## DATASET CONTENT:
+--

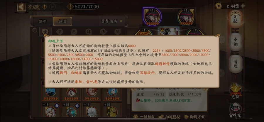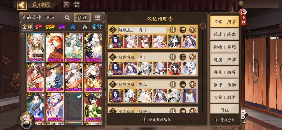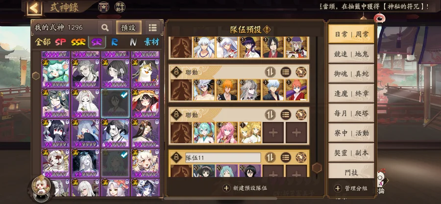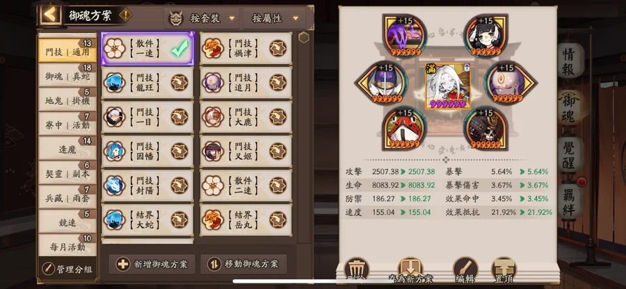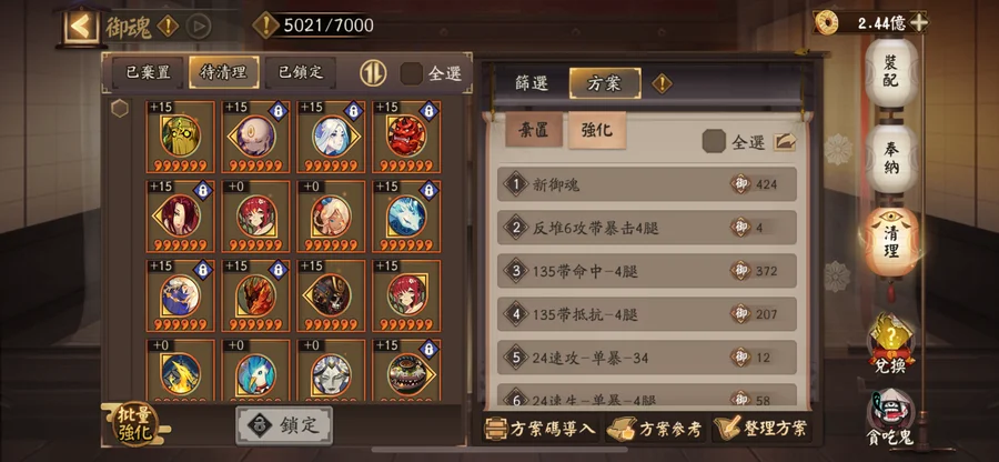 日常活動皆已配好隊伍,御魂整理命名清楚一目了然,高練度多滿級御魂,也有搭配好的棄置+強化方案配隊更自由!
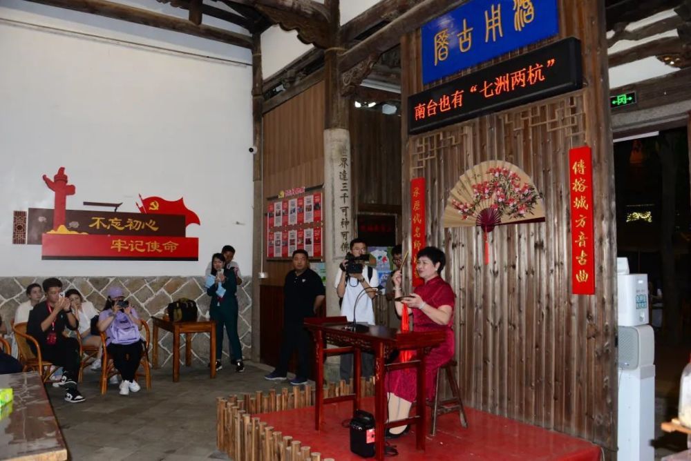 “二十大精神放光芒,党政军民心花放;同心共筑中国梦,有力量。”当采访团媒体记者们走进大众茶馆、福州市非物质文化遗产展示馆,映入眼帘的便是巾帼志愿者们声情并茂地用福州评话、伬唱宣讲着党的二十大精神。
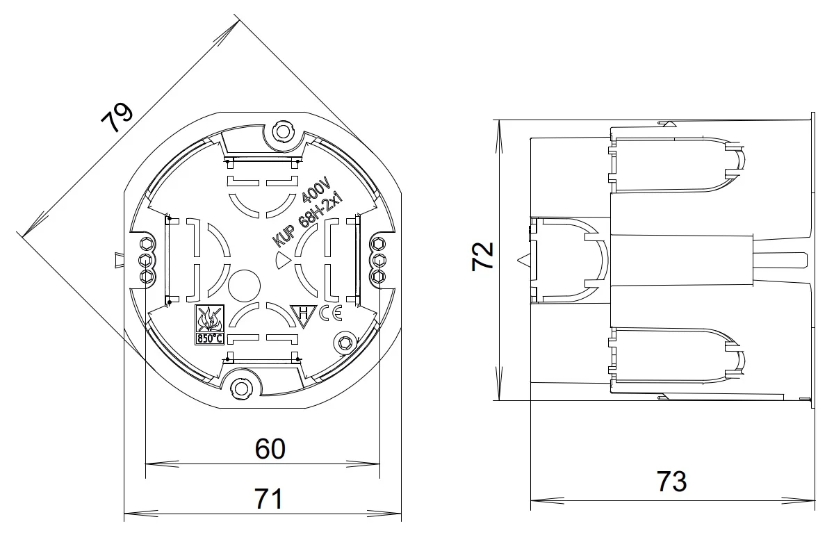 - RozmeryØ 72 x 73 mm

+--

## EXERCISE BRIEF:
Write out the material above again, word for word, minus its pictures.

## WRITTEN SOLUTION:
 日常活動皆已配好隊伍,御魂整理命名清楚一目了然,高練度多滿級御魂,也有搭配好的棄置+強化方案配隊更自由!
 “二十大精神放光芒,党政军民心花放;同心共筑中国梦,有力量。”当采访团媒体记者们走进大众茶馆、福州市非物质文化遗产展示馆,映入眼帘的便是巾帼志愿者们声情并茂地用福州评话、伬唱宣讲着党的二十大精神。
 - RozmeryØ 72 x 73 mm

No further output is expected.